Building impact classes
This section introduces the concept of “impact classes”, which can be described as creating a common structure for evaluating impact investing options. The impact class system is designed to solve the current challenges of the industry, including the lack of common language and confusion around reports. The report suggests that if designed carefully, impact classes have the potential to bring efficiencies to asset owners and their advisers, improve consistency, and provide a classification system for the market. The report suggests that the way to divide impact classes is by considering the “Role of impact investing capital”, the “Type of impact evidence”, and the “Market and beneficiary characteristics”.
Using impact classes
The report gives an overview of how the impact class system works by using three hypothetical case studies as examples.

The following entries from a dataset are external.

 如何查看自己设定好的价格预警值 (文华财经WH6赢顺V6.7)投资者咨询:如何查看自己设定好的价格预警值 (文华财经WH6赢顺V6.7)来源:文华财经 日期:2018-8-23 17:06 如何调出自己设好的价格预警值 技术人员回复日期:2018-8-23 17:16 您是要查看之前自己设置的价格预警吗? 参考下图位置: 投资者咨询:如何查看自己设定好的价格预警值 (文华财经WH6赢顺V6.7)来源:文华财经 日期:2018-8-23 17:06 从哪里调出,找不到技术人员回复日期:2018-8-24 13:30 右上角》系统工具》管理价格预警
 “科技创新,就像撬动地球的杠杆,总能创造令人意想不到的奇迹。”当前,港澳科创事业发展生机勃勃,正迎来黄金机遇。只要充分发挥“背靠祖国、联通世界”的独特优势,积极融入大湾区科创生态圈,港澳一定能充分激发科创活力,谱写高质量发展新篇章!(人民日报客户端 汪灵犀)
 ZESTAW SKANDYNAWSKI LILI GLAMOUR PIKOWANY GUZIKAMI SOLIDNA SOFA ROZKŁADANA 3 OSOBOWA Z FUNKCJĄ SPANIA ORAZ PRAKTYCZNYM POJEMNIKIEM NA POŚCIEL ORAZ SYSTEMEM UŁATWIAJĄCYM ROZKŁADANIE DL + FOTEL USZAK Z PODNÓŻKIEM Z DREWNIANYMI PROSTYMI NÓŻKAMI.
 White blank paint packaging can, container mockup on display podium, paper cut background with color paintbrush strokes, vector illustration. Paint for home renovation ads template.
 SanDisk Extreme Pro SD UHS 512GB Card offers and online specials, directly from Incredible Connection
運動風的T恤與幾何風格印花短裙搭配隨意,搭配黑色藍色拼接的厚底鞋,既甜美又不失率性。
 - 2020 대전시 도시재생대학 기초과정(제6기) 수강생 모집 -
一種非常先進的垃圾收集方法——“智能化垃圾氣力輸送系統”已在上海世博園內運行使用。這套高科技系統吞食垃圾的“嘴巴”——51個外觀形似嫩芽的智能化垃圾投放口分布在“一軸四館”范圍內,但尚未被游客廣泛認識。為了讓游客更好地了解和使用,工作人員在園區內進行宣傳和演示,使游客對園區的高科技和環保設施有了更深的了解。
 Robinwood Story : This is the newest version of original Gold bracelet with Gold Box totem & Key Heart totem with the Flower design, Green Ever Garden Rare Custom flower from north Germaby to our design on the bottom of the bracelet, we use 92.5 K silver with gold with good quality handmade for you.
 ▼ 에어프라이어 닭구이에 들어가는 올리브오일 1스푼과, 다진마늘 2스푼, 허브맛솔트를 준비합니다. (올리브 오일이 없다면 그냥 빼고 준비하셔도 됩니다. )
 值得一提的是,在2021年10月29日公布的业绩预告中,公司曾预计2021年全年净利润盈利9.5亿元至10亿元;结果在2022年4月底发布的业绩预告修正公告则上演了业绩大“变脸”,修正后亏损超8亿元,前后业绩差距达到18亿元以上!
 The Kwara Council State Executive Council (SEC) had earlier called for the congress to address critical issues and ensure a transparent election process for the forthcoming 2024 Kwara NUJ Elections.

The case studies include; Domestic new business investment, a focused community development opportunity, and a diaspora bond offering. Each case study outlines a specific impact class system that involves placing investments into broader categories, which can provide immeasurable benefits to the industry.
Responses to the impact class concept
The report discusses responses to the impact class concept. The primary focus revolves around making impact classes actionable and grounded in practical applications. The report suggests that further research and engagement, clarity on purposes and audiences, a definition of impact class variables, and determination of how to accomplish widespread adoption is required to bridge the gap between theory and real-world applications.
The way forward
Finally, the report outlines the way forward for the impact investing industry by suggesting that creating an “impact class” common structure for evaluating impact investing options can contribute to greater efficiency, standardisation and improved classification system for the market. Impact classes have the potential to bring a significant positive change within the industry to mobilize capital markets to mitigate social and environmental challenges.
The report provides a clear and comprehensive overview of the issues involved in the impact investing field. Impact classes are identified as a possible solution to the current difficulties faced by the industry, and the case studies offer practical examples of how such a system may work. Overall, this report offers valuable insights for those working in the finance sector to navigate the challenges of impact investing.